Alguns tentaram repelir os soldados que haviam entrado no prédio da assembleia.
Às 01:00 horário local, o presidente da Assembleia Nacional, Woo Won-sik, apresentou uma resolução pedindo que a lei marcial fosse suspensa.
Com isso, menos de duas horas após a declaração chocante de Yoon, 190 legisladores que se reuniram, incluindo alguns do partido de Yoon, votaram unanimemente para bloqueá-la.
Após a votação, o líder da oposição Lee disse aos repórteres que esta era "uma oportunidade decisiva para quebrar o ciclo vicioso e retornar à sociedade normal".
Às 04:30, Yoon estava de volta à TV, na frente das mesmas cortinas azuis, dizendo que retiraria a lei marcial. Mas isso só seria oficial, disse ele, quando ele pudesse reunir o suficiente de seu gabinete para suspender a ordem.
O anúncio foi recebido com aplausos do lado de fora da assembleia.

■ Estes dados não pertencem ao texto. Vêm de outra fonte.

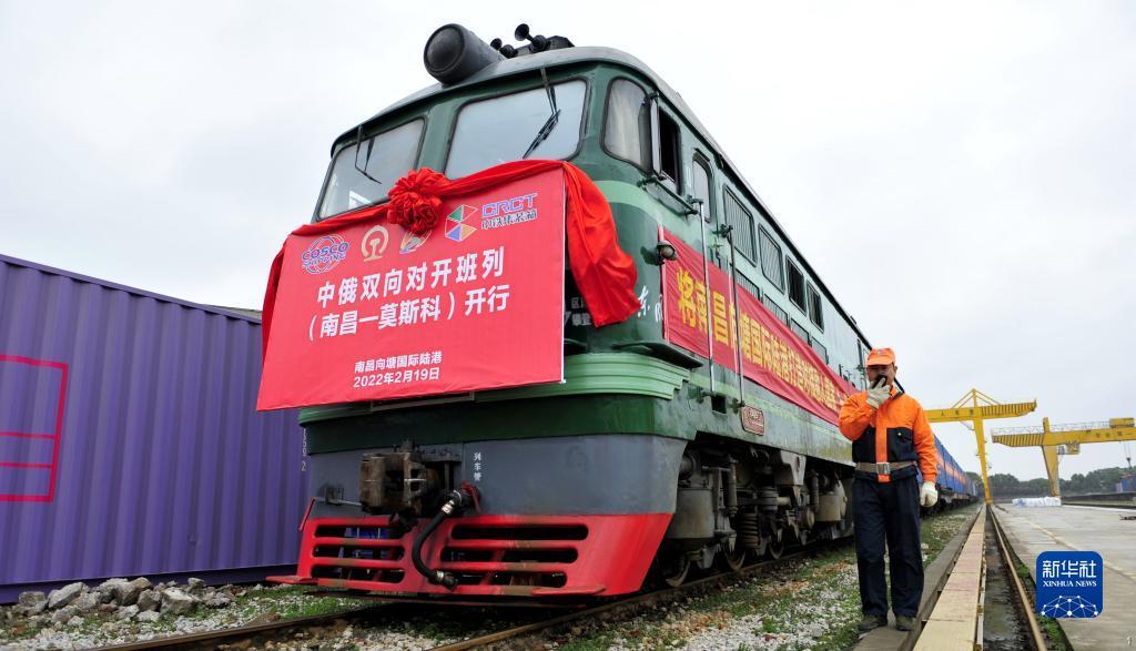 2022年江西首列中俄双向对开班列(南昌—莫斯科)在南昌向塘国际陆港准备出发(2022年2月19日摄)。新华社记者 彭昭之 摄

Nas horas antes do amanhecer, mais pessoas saíram do prédio, de trás das barricadas que haviam montado às pressas.
Com buracos nas portas e janelas quebradas, o prédio majestoso já carrega as cicatrizes da noite em que os sul-coreanos salvaram sua democracia.
Escolas, empresas locais e bancos abriram como de costume na manhã de quarta-feira - e os voos continuaram a pousar sem interrupções na capital agitada da Coreia do Sul.
Mas a raiva pública - e as consequências políticas - não foram gastas.
Quando o sol nasceu na quarta-feira, milhares se reuniram para pedir a renúncia de Yoon. O presidente também enfrenta processos de impeachment.
“Somos uma democracia forte…Mas o povo coreano quer estar seguro - o presidente Yoon deve renunciar ou ser impugnado”, disse Yang Bu-nam, um político do Partido Democrático, à BBC..jili.